Callari Antonio, Mauri Mauro, Miniati Mario, Mancino Maricia, Bracci Giulia, Dell'Osso Liliana, Greco Carlo
Tumori. 2013 Sep-Oct;99(5):623-33. doi: 10.1177/030089161309900511.
To summarize current knowledge on psychopharmacological and psychotherapeutic options for patients with breast cancer and comorbid depression, starting from the psychiatric viewpoint. Issues on diagnostic boundaries of depression and outcome measures are raised.
We completed a literature review from the last 30 years (until March 2012) using PubMed by pairing the key words: 'breast cancer and depression treatment' (about 1431 works, including 207 reviews), 'breast cancer and antidepressants' (about 305 works, including 66 reviews), and in particular 'selective serotonin reuptake inhibitors and breast cancer' (38 works, including 10 reviews) and 'breast cancer and psychotherapy' (603 works, including 84 reviews). Papers in the English language were selected, including recent reviews.

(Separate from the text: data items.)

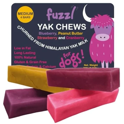 100% Natural Dog Chew with Blueberry, Strawberry, Peanut Butter, Cranberry - All Natural Fuzzl Yak Chews are made with 100% natural and premium ingredients. At Fuzzl only the best natural ingredients are used. This Dog Yak Chew is churned from Himalayan Yak Milk, providing your four legged friend with a tasty natural treat Long Lasting Yummy Dog Treat - This long lasting dog chew will provide your dog with a delicious source of Calcium and Protein. The size and texture will ensure your dog is kept busy for hours and providing important nutrients Healthy, Nutritious and Low in Fat - High in Protein and Calcium, our Yak Chews make an excellent snack for dogs. Unlike Rawhide, these dog teeth cleaning chews are great for your pets digestive system Natural Dental Chew - Dogs will love Fuzzl Yak Chews and they have the added benefit of being excellent Dental Teeth Cleaning Chews. This dog food is a tasty dog treats for small, medium and large dog and an excellent alternative to dog bones Gluten and Grain Free Healthy Dog Treats - These Calming Dog Treats are the perfect no hide dog chews and the ideal dog treats for large dogs, medium and small dogs. Enjoy Fuzzl Dog Treats Natural
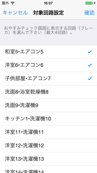 - 「おやすみチェック」画面に表示する分岐回路(最大4回路)を選択した後、確認ボタンをタップします。
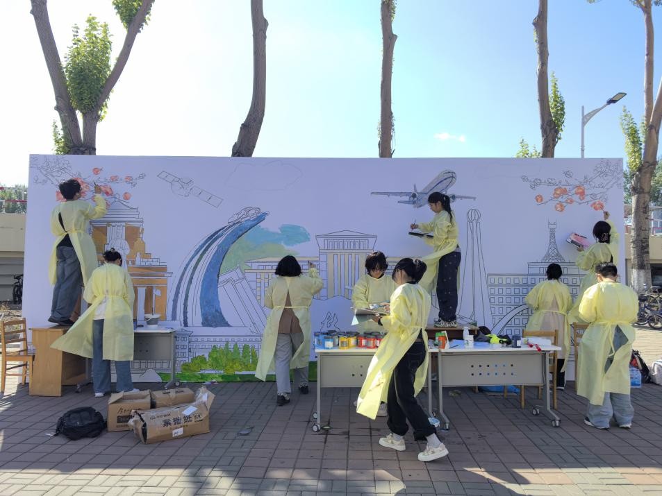 选派2025级设计、美术专业新生,与毕业校友、在校同学一起,在南岭校区十二公寓楼前开展主题墙绘活动。
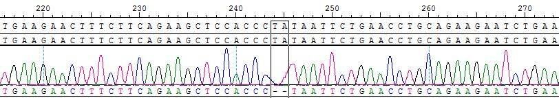 2. Sanger of DLD1-BRCA2-/- Figure 2. BRCA2 p.Y42 c.124_125del |
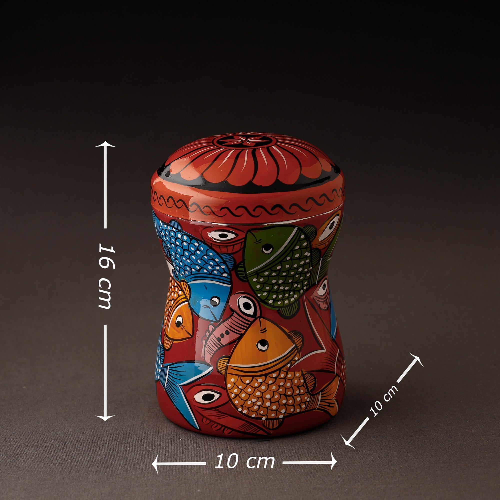 Red patua hand-painted multi utility canister with waterproof oil based paint on very high quality stainless steel by the artisans of West Bengal.
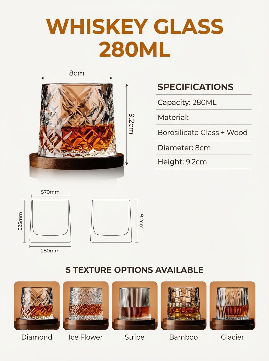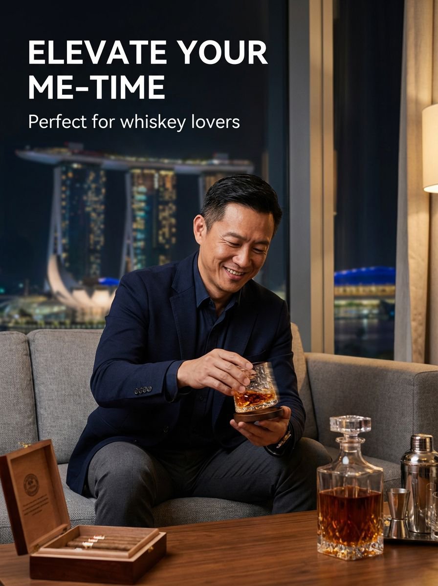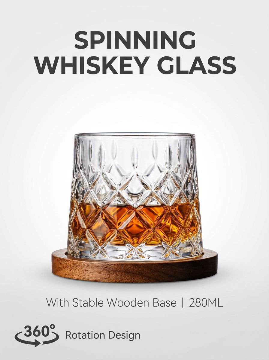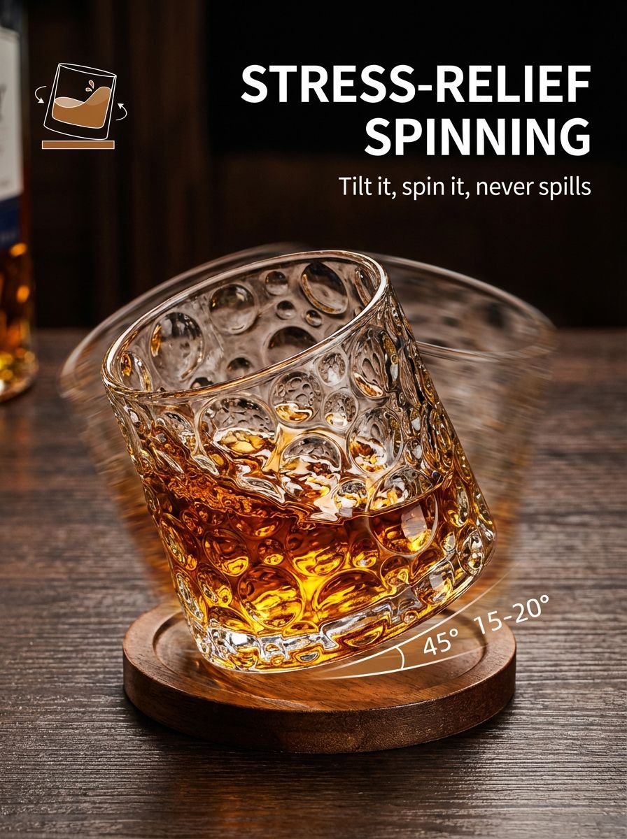 ● Unique rotating base design allows for gentle swirling, enhancing the aroma and flavor of whiskey, brandy, or water while providing a fun decompression experience.
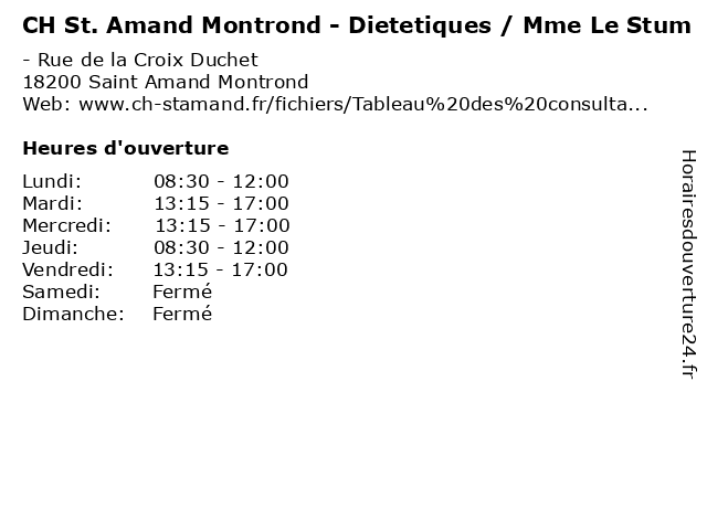 Termes de recherche pour CH St. Amand Montrond - Dietetiques / Mme Le Stum:le, amand, montrond, bureau, med, medecine, maladie, mme, st., ch, traitement, médecin, consultation, dr, pratique, therapie, dietetiques, stum |
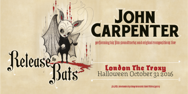Next Halloween, John Carpenter will perform - live and in person - a musical retrospective of his horror soundtrack work, his debut studio album Lost Themes, plus brand new compositions. Release The Bats will be held first at The Albert Hall in Manchester on Saturday 29th October 2016, and then at London's The Troxy on Monday 31st October 2016. Both venues will be transformed Halloween style, and attendees are encouraged to dress up for the spooky spectacular.
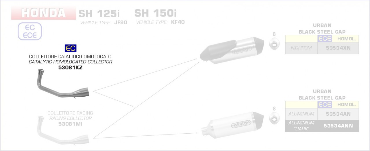 53081KZ-Arrow Krümmer mit Kat Honda SH 150/125 i 20- Menge
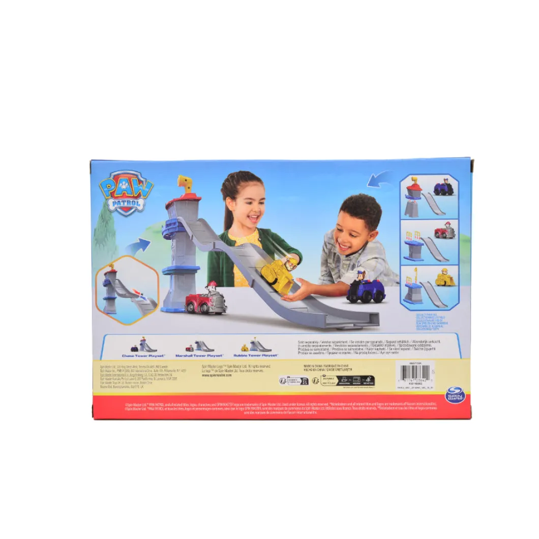 ¡Vive nuevas aventuras con tu patrulla canina favorita! Este playset combina 3 mini torres con los mini vehículos de tus cachorros favoritos Chase, Marshall y Rubble, tambien puedes jugar con cada una de las torres por separado, recrea las mejores escenas y salva la ciudad. Es el set perfecto para que tu colección de Paw Patrol siga creciendo ¡La diversión y la imaginación no terminan! Cada vehículo incluye al personaje con detalles únicos y su uniforme distintivo.
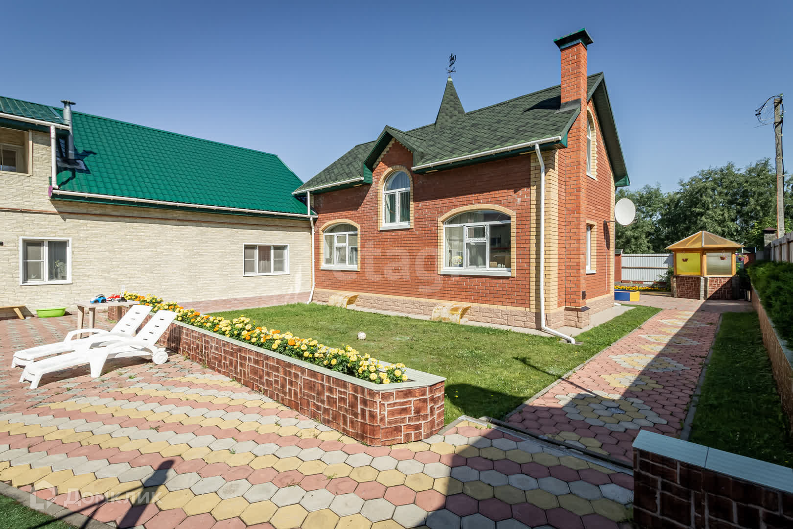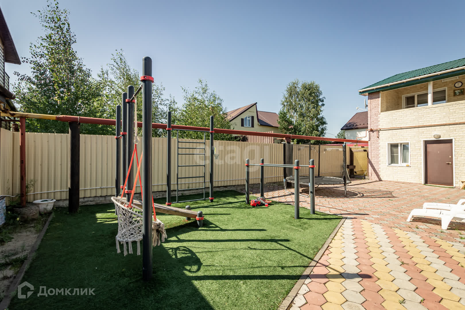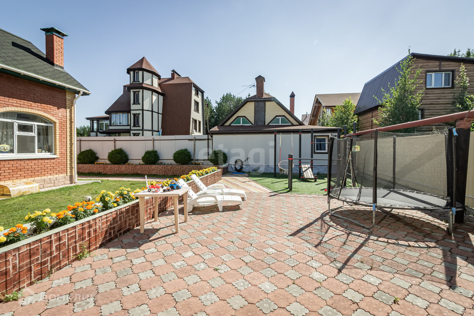 Участок с беседкой, зоной барбекю, теплицей, фонтаном, игровой площадкой и спортивным городком! Дом очень теплый и уютный. Рядом с домом находятся 2 магазина, детский сад, а школа находится в автобусной доступности.

There is little evidence for the superiority of any one specific intervention with pharmacological options or psychotherapy. The heterogeneity of assessment criteria, the small number of subjects collected in systematic studies, the difficulty in adopting standardized outcome measures, and the limited numbers of available drugs with a favorable side effect profile are the main limitations that emerge from the literature. No conclusive findings are available on mid-term/long-term treatment strategies, or when depression is part of a bipolar disorder.
Further research is necessary to define the most appropriate approach to depression when it occurs in comorbidity with breast cancer. A more accurate definition of the clinical phenotypes of depression in the special population of patients with breast cancer is suggested as a key issue.

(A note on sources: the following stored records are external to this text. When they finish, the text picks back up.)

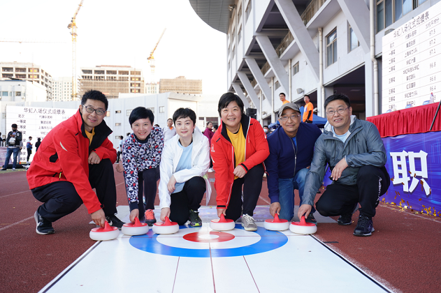 竞赛讲求团队默契配合和策略。一片冰“芯”项目是为迎接2022年北京冬奥会特别设置的旱地冰壶比赛,广受大家的欢迎。领导嘉宾们现场组成“神秘嘉宾A队”、“神秘嘉宾B队”,加入到13支队伍的淘汰PK赛中,增加了比赛的悬念。经过多轮PK,“神秘嘉宾A队”超强发挥,以关键一球逆转,力压对手,成功夺冠。上海华力1队、集团总部队、华虹宏力2队分获项目第二、三、四名。
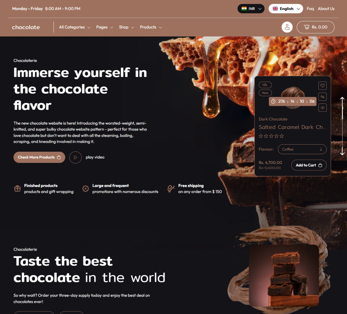 One of the key characteristics of chocolate Shopify themes is their clean, user-friendly design. The layout is simple, and the navigation is intuitive, which makes shopping for chocolate and candies a delightful experience. Whether you're offering chocolate bars, gift boxes, or cakes, the template will ensure that your products are front and center.
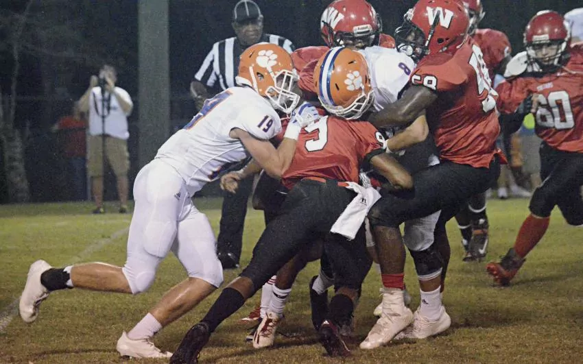 Pictured Above: Dontavius McGowan, Nolan Miller and Keyon Brister combine for a gang tackle on Columbia Academy running back Jake Brewer last Friday night. | Photo by Joshua Campbell
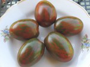 Плоды необычайно красивы: черные с красными и зелеными полосками и штрихами, овальные, ровные, не трескаются, одномерные. Масса плодов около 80 г. Сорт среднего срока созревания, устойчив к болезням. Кусты чуть более 1 м.

从精神病学角度总结乳腺癌合并抑郁症患者心理药理学和心理治疗选择的现有知识。提出了抑郁症诊断界限和结局指标的问题。
我们使用PubMed对过去30年(截至2012年3月)的文献进行了综述,通过配对关键词:“乳腺癌与抑郁症治疗”(约1431篇著作,包括207篇综述)、“乳腺癌与抗抑郁药”(约305篇著作,包括66篇综述),特别是“选择性5-羟色胺再摄取抑制剂与乳腺癌”(38篇著作,包括10篇综述)以及“乳腺癌与心理治疗”(603篇著作,包括84篇综述)。选取英文论文,包括近期综述。
几乎没有证据表明任何一种特定的药物治疗或心理治疗干预具有优越性。评估标准的异质性、系统研究中收集的受试者数量少、采用标准化结局指标的困难以及具有良好副作用特征的可用药物数量有限是文献中出现的主要局限性。关于中期/长期治疗策略或抑郁症作为双相情感障碍一部分时,尚无确凿的研究结果。
有必要进行进一步研究,以确定乳腺癌合并抑郁症时最适当的治疗方法。建议对乳腺癌特殊患者群体中抑郁症的临床表型进行更准确的定义,这是一个关键问题。